[liblouis-liblouisxml] Re: Update output positions during multi pass (forward translation only)

  • From: Bert Frees <bertfrees@xxxxxxxxx>
  • To: "liblouis-liblouisxml@xxxxxxxxxxxxx" <liblouis-liblouisxml@xxxxxxxxxxxxx>
  • Date: Fri, 30 Oct 2015 20:32:41 +0100

The reason that I also wanted output positions is that I want to link
text characters to the corresponding braille characters and not to the
preceding presigns. In addition I can mark the presigns. For this I use
both the input and output positions

We should probably document this behavior somewhere, because it is
important to understand how the mapping works. Are you saying that the
following holds when you translate "100"?

input: "100"
outputPos: [1,2,3]
output: "#ajj"
inputPos: [0,0,1,2]

[...] in for_updatePositions. Here srcMapping is not updated if
inputPositions is NULL, contrary to your statement that srcMapping is
always used. This affects also outputPositions indirectly.

Right. I was already afraid some bug like that was still there. That should
indeed be fixed.



2015-10-30 16:16 GMT+01:00 Arend Arends <mada73bg@xxxxxxxxxx>:

Hi Bert,

The test will come later.

I checked input positions in my program and indeed the input positions are
corrected during multi passes. The reason that I also wanted output
positions is that I want to link text characters to the corresponding
braille characters and not to the preceding presigns. In addition I can
mark the presigns. For this I use both the input and output positions, but
in the process I forgot that more or less.

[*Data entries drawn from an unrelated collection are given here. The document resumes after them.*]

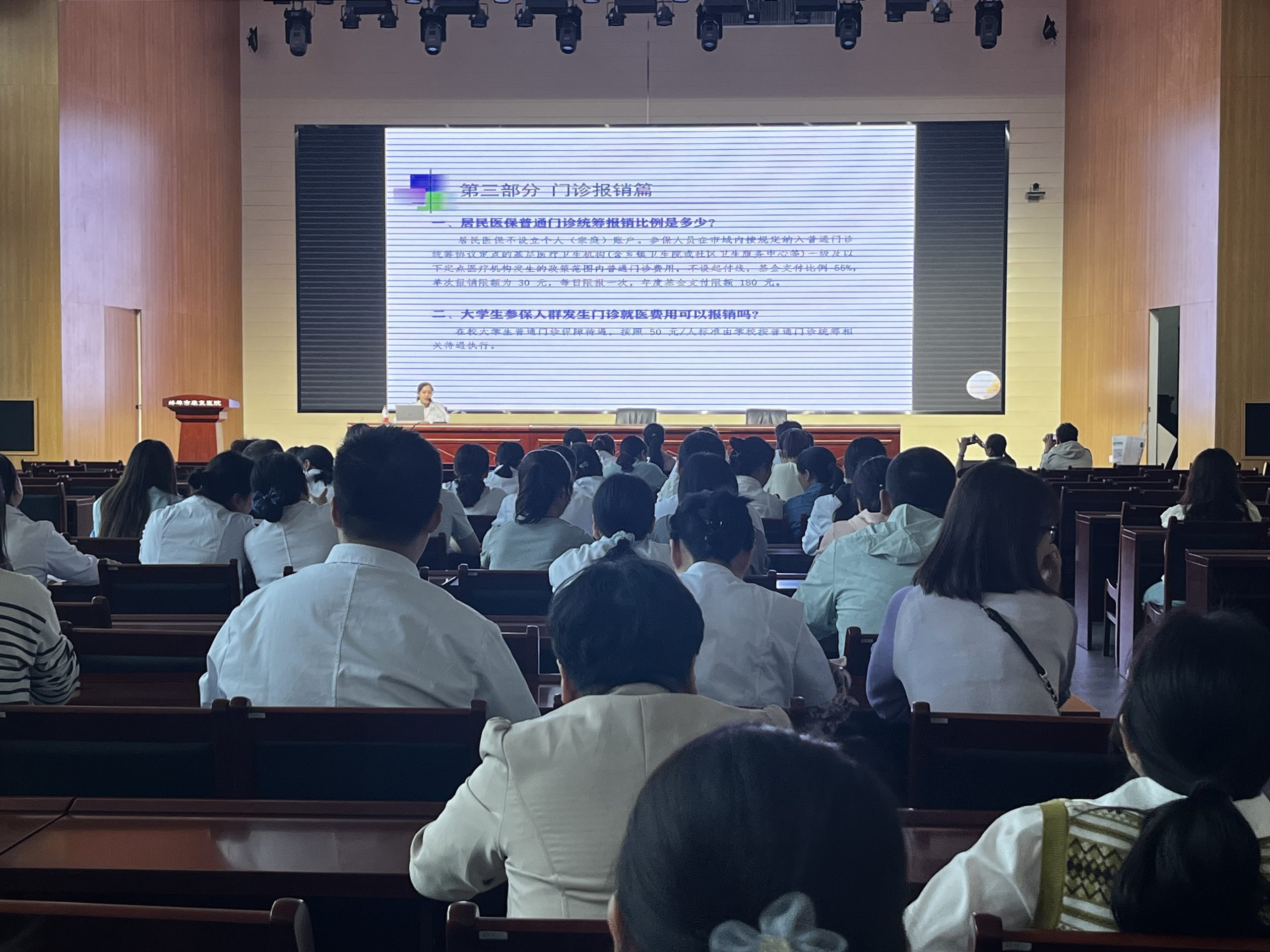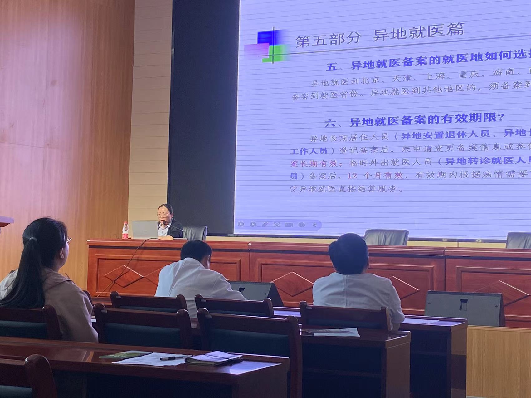 讲座中,唐春柳科长讲述的内容涵盖最新的医疗保险政策、门诊、住院和异地就医报销政策,内容详实,深入浅出,为窗口及门诊解决了诸多实际操作问题,得到了参加培训人员的高度评价。
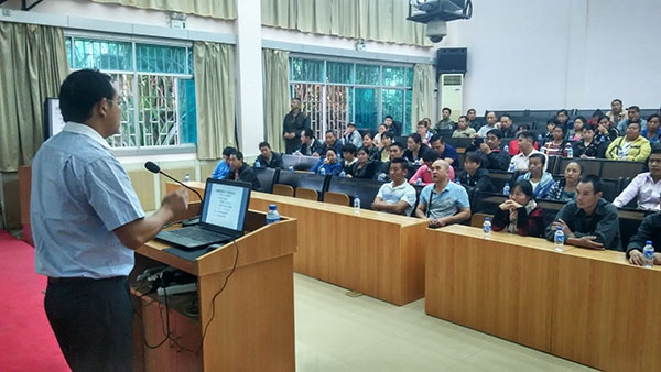 省热作所试验推广办副主任何海宁在进行理论知识培训
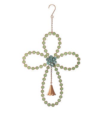 Celtic cross wind chime in silver enamel finish. Hangs from green ribbon. 3” W x 9” H excluding ribbon. Window boxed with “May the road rise” poem.
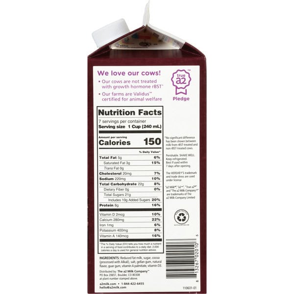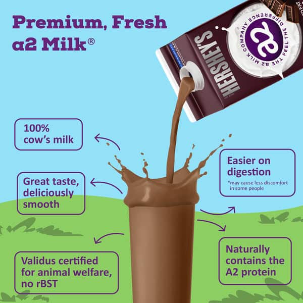 A match made in chocolate heaven, HERSHEY’S a2 Milk is creamy, chocolatey real milk. Your family will love that it tastes just like their favorite chocolate treat, and you’ll love the simple ingredients like classic HERSHEY’S cocoa and a2 Milk with no artificial sweeteners or flavors.
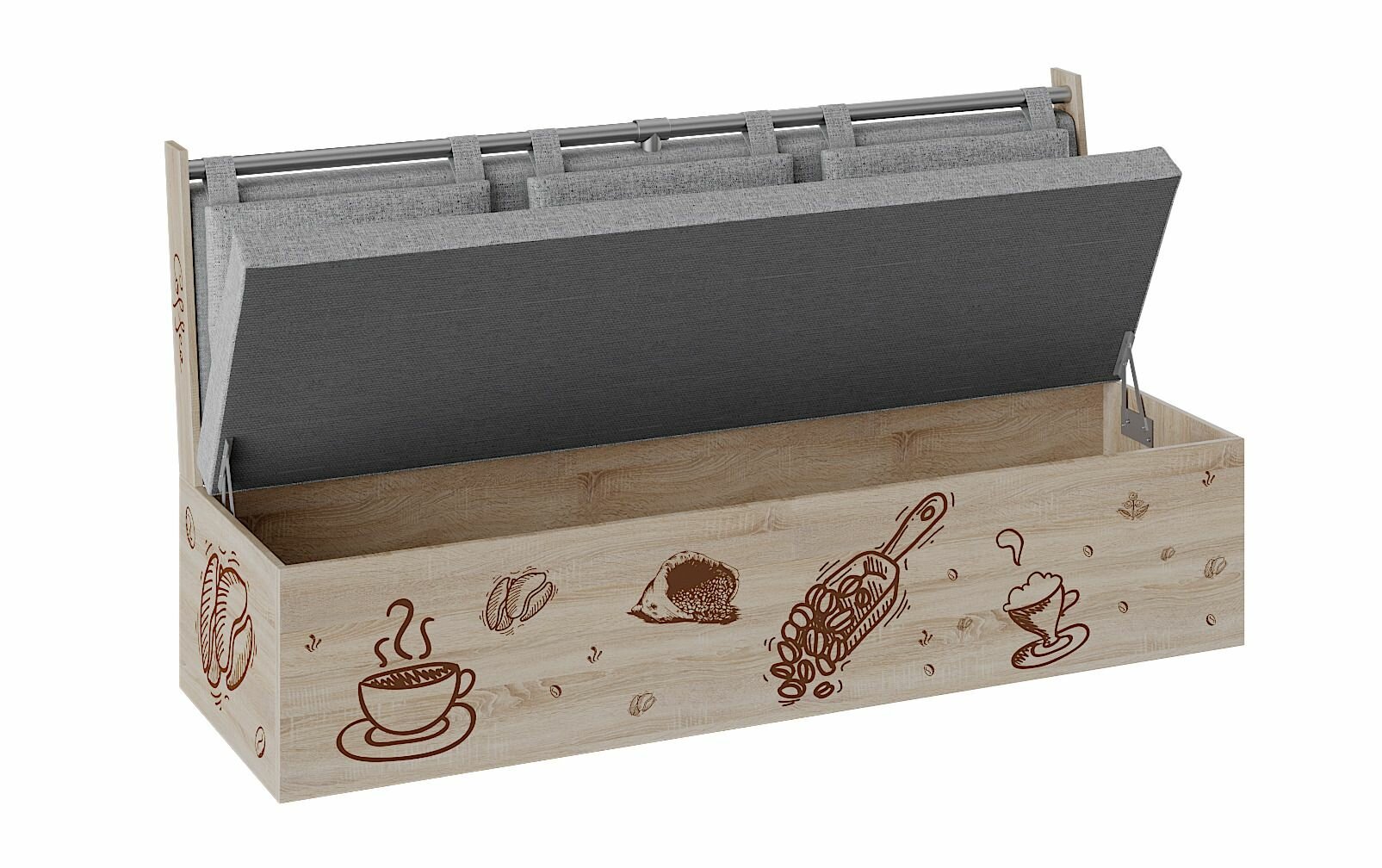 Скамья прямая Роденго, BUDUNOV GROUP, Дуб Сонома трюфель/ТК Рогожка серая, скамья с ящиком для хранения, 150х59х88 см

Now in the LibLouis code it seems that similar to having a srcMapping
array and a prevSrcMapping array one should also have a destMapping and
prevDestMapping array to avoid the same type of problems that you had
before.
Further the pointer inputPositions should be removed, because it has
little use outside trace_translate, where de original function parameter
outputPos is available.
The only place where inputPositions is used outside trace_translate is in
for_updatePositions. Here srcMapping is not updated if inputPositions is
NULL, contrary to your statement that srcMapping is always used. This
affects also outputPositions indirectly.

Arend

-----Oorspronkelijk bericht----- From: Bert Frees
Sent: Friday, October 30, 2015 3:31 PM
To: liblouis-liblouisxml@xxxxxxxxxxxxx
Subject: [liblouis-liblouisxml] Re: Update output positions during multi
pass (forward translation only)

OK thanks, appreciated! The test is most important for me, implementation
details are just details.

The test could take input from a file but then we're pretty close to what
the
JSON and YAML test frameworks can already do. (@Christian: or am I wrong?
Is it
only cursorPos that is supported maybe?)

Again, just ask if I can do anything to help with the test.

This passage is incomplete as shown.